## INFORMATION GIVEN

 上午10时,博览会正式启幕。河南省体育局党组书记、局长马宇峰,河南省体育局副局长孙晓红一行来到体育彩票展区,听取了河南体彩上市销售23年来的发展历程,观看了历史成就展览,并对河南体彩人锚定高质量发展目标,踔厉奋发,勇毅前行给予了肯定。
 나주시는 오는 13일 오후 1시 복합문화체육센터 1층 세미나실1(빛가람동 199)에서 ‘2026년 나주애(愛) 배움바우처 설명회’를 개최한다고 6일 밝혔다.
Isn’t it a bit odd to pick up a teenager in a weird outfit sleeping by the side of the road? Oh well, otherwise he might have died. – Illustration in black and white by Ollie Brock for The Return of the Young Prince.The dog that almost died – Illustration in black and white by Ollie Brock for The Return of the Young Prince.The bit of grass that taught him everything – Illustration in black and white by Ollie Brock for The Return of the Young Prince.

* * *

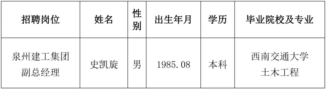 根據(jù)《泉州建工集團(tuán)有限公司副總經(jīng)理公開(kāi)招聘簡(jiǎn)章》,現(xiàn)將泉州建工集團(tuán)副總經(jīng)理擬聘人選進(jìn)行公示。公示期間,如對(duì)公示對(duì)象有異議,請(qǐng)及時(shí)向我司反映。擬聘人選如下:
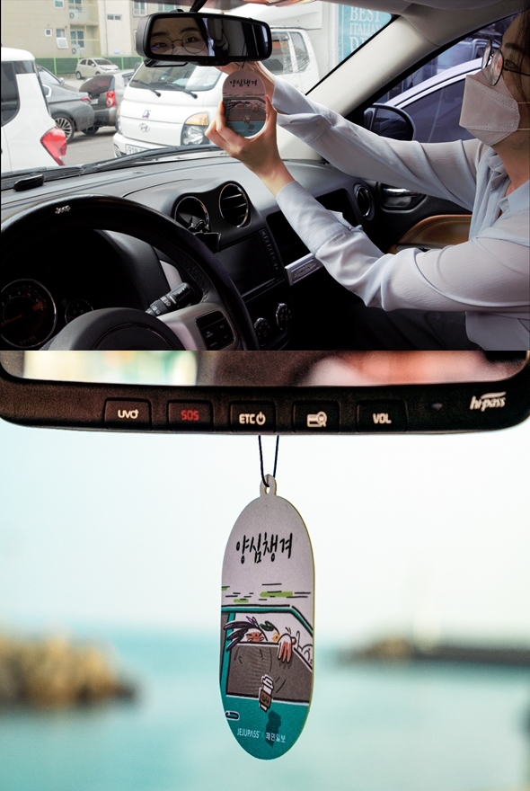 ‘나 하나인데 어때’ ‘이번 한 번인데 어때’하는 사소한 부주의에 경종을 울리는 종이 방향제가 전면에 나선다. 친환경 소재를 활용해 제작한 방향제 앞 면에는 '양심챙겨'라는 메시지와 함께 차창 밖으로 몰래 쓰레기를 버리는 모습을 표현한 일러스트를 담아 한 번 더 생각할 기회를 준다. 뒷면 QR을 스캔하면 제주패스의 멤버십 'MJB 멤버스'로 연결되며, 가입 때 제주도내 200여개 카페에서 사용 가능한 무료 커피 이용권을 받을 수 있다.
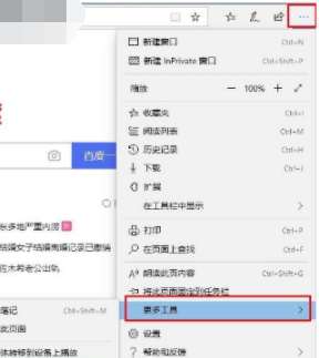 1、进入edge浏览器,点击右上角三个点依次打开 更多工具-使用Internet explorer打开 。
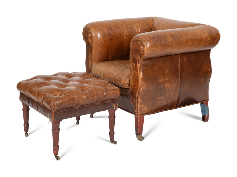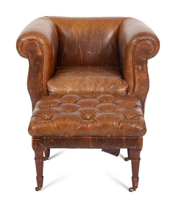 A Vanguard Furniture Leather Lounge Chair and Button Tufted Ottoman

==

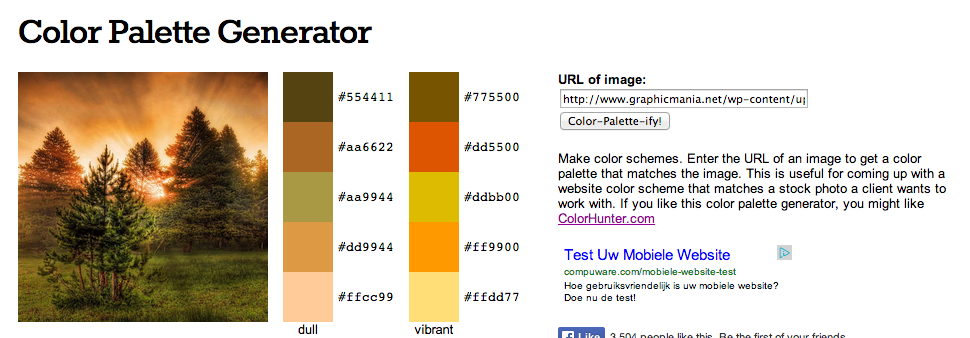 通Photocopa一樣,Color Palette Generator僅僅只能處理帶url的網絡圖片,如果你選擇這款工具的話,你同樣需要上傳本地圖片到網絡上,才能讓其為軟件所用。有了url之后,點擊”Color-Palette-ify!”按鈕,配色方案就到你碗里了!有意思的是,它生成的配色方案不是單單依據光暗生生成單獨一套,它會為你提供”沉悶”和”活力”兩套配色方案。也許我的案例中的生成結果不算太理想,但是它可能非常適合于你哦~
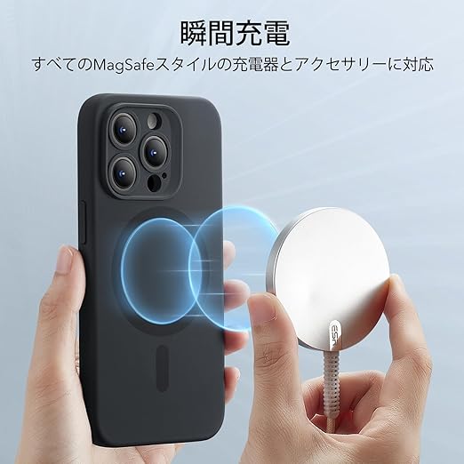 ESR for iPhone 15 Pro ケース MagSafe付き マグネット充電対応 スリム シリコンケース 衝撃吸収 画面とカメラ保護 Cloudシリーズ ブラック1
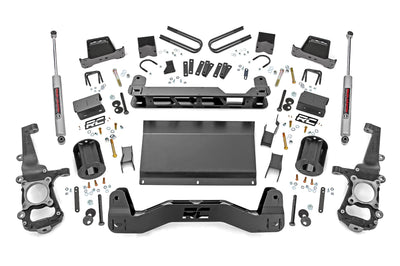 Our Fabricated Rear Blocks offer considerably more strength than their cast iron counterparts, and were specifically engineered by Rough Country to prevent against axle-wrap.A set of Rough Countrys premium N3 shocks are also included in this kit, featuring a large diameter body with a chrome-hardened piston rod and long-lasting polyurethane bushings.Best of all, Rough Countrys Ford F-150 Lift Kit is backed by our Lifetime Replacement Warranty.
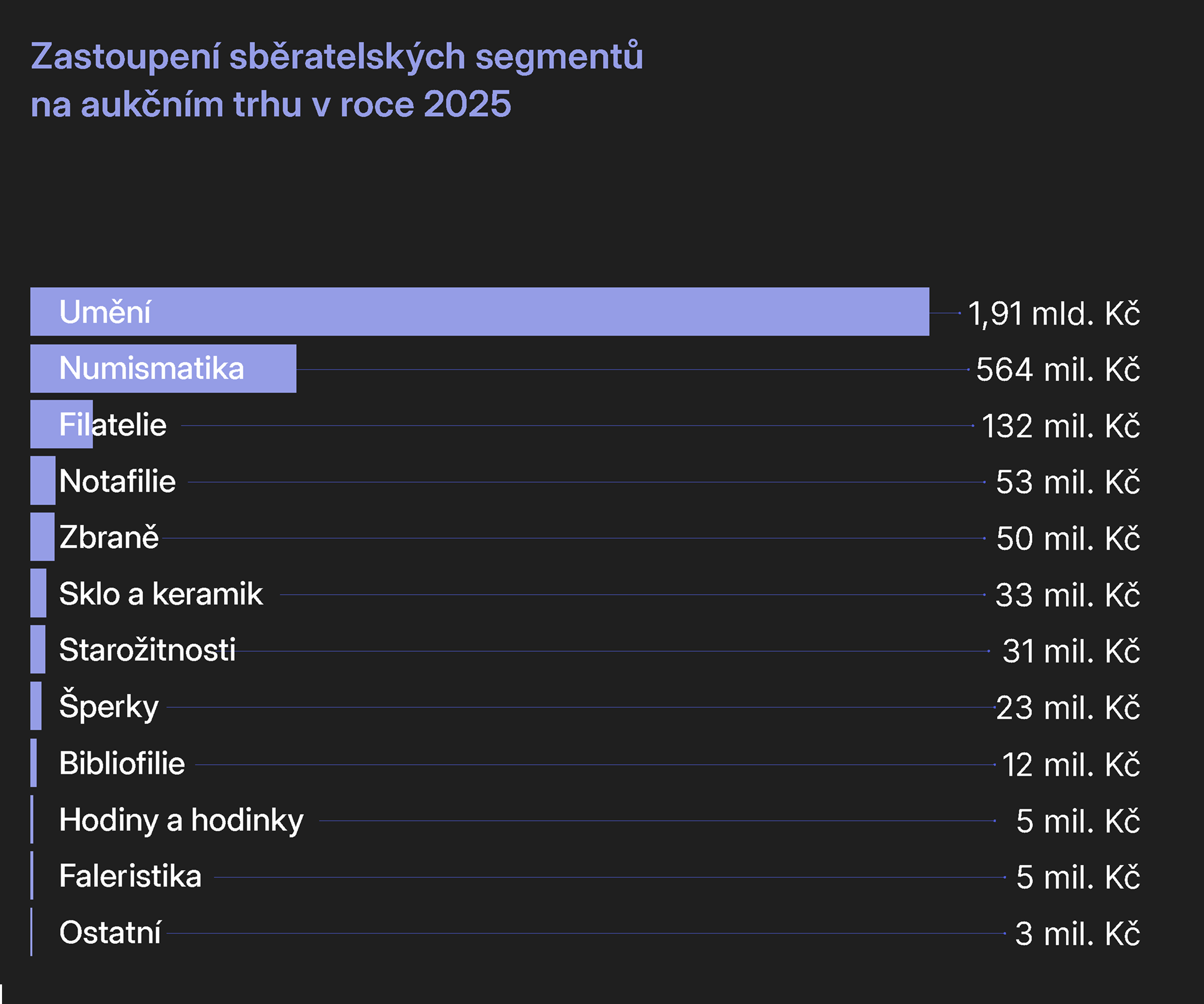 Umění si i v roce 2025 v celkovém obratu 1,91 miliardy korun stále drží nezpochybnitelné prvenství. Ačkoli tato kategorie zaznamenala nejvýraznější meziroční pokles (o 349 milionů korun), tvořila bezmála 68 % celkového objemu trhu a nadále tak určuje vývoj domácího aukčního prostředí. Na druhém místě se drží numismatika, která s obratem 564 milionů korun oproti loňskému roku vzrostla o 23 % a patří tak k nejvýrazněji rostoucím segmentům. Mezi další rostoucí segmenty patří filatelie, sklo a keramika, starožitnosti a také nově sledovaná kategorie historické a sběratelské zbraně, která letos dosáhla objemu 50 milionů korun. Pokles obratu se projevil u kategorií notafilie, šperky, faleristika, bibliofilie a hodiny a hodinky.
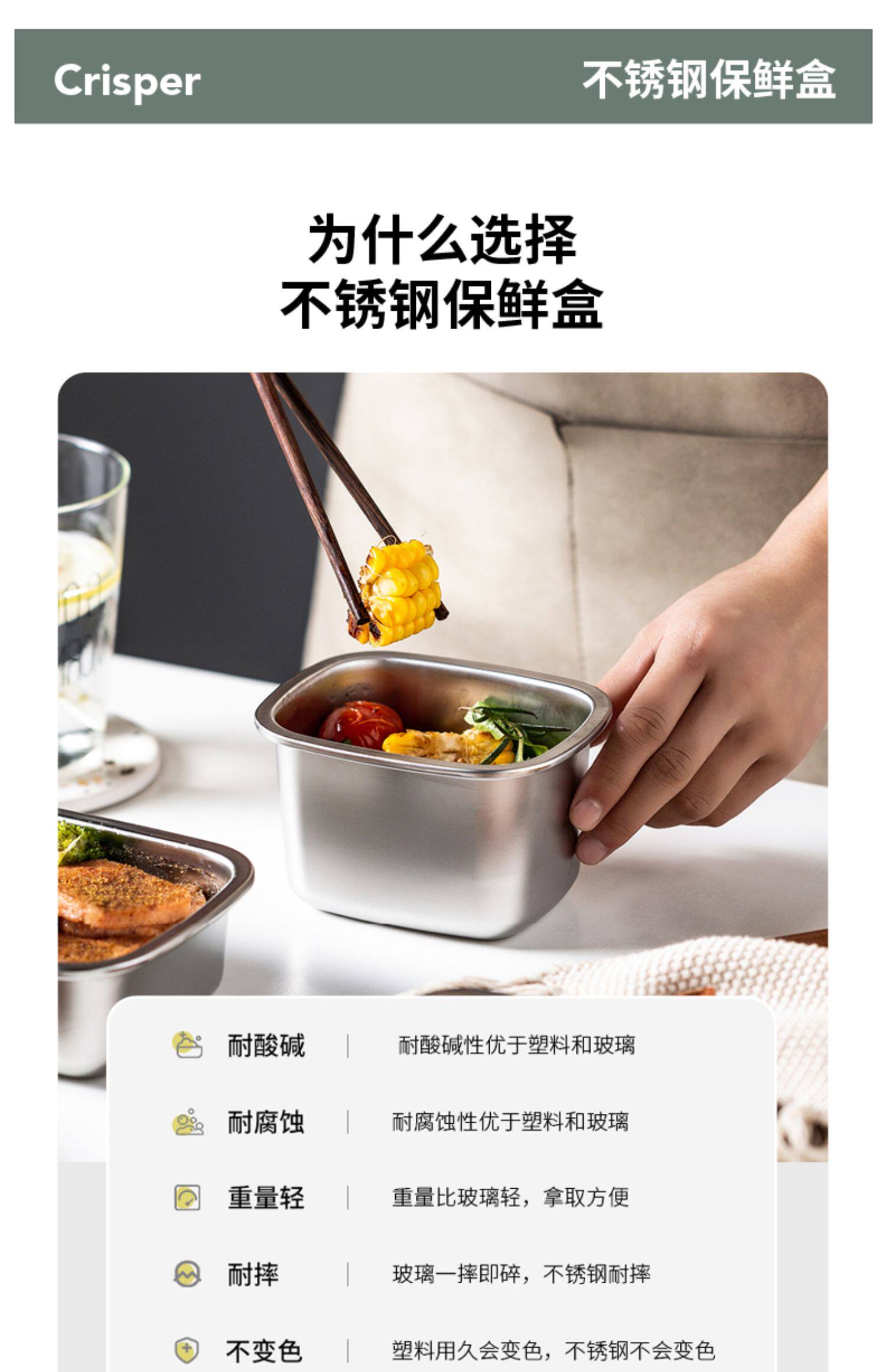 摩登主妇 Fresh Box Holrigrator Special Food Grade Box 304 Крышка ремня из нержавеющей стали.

## WHAT THE TASK ASKS
Reproduce word for word the material above, beginning with the line that contains "上午10时,博览会正式启幕。" and ending with the line that contains "나주시는 오는 13일".

## RESPONSE BELOW
 上午10时,博览会正式启幕。河南省体育局党组书记、局长马宇峰,河南省体育局副局长孙晓红一行来到体育彩票展区,听取了河南体彩上市销售23年来的发展历程,观看了历史成就展览,并对河南体彩人锚定高质量发展目标,踔厉奋发,勇毅前行给予了肯定。
 나주시는 오는 13일 오후 1시 복합문화체육센터 1층 세미나실1(빛가람동 199)에서 ‘2026년 나주애(愛) 배움바우처 설명회’를 개최한다고 6일 밝혔다.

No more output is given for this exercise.